On the other hand, the O-arm navigation system is a CT-based navigation system that scans the spine during surgery. This system creates images of the spine in both 2D and 3D, allowing visualization from every angle in real time. The reference array is typically affixed to a spinous process cranial to the intended instrumentation level. An initial O-Arm spin is performed using a high-dose radiation protocol to ensure acquisition of high-resolution intraoperative images. These images are subsequently transferred to the station navigation system, and the accuracy of image registration is confirmed using bony anatomical landmarks, most commonly the midline of the spinous processes. Pedicle screws are placed under guided navigation, which facilitates precise determination of entry points, screw dimensions, and trajectories. A navigated pedicle probe is utilized to create a channel through the pedicle into the vertebral body. The tract is palpated using a ball-tipped probe to assess cortical integrity, followed by tapping with a navigated instrument. After a second palpation to reconfirm the integrity of the tract, the pedicle screw is inserted using a navigated screwdriver. Throughout screw insertion, intraoperative neuromonitoring is continuously observed for any changes suggestive of neural compromise.

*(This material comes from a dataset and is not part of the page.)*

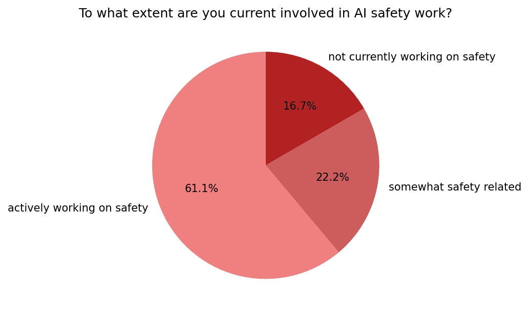 The majority of people are currently working on AI safety three months after the program; only 17% are not.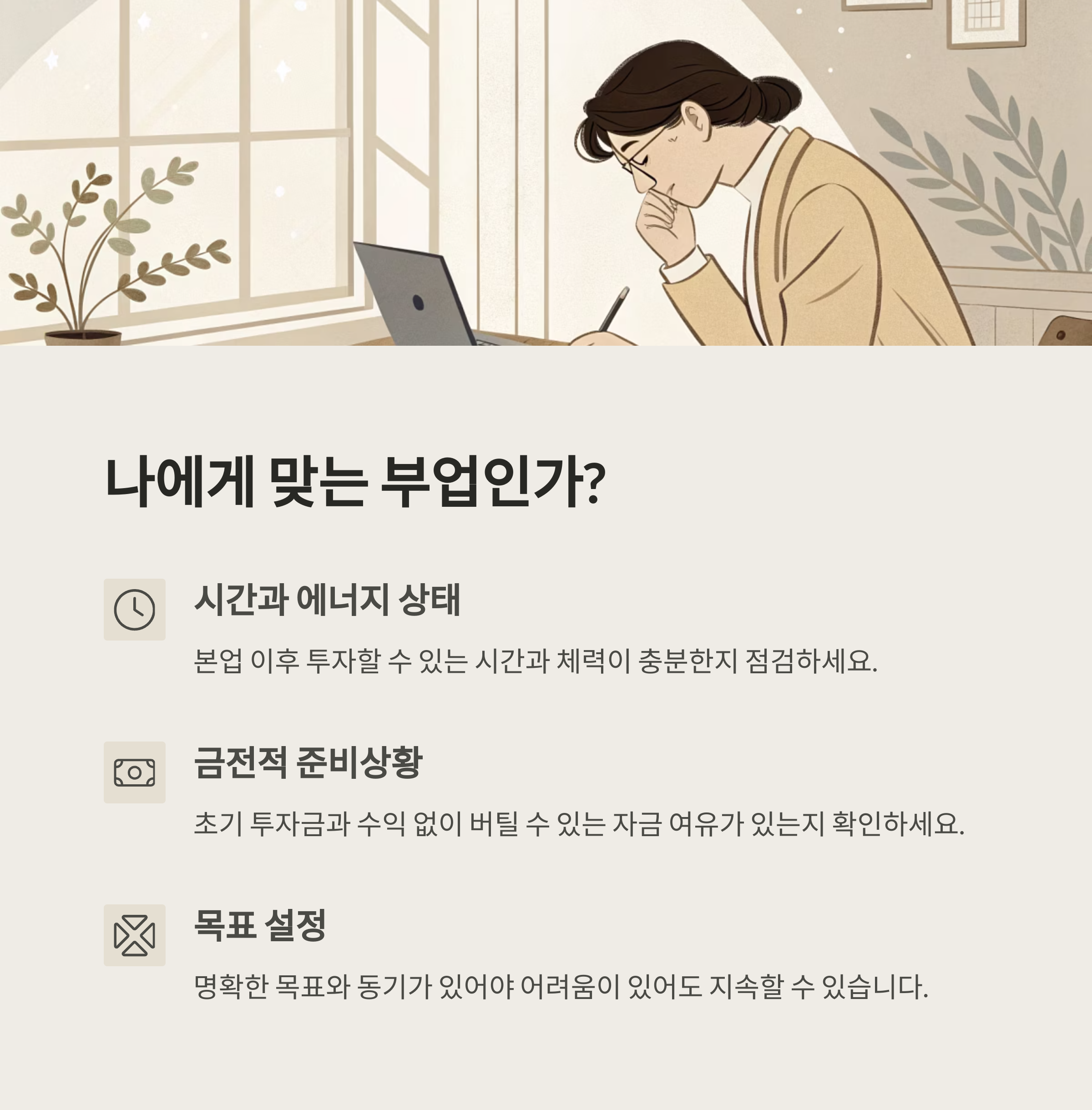 중요한 건 지금 내 상황과 목표가 부업에 적합한가입니다.

Surgical Techniques – Patient-specific 3D-Templates

Eligibility for CPS surgery using customized 3D templates was carefully evaluated on a high-resolution volumetric preoperative cervical CT scan to exclude any unfavorable anatomy for pedicle trajectories. A pedicle transverse angle >45°, a pedicle outer width <3.5 mm, and the absence of adequate intrapedicular cancellous bone were considered exclusion criteria for this surgical technique.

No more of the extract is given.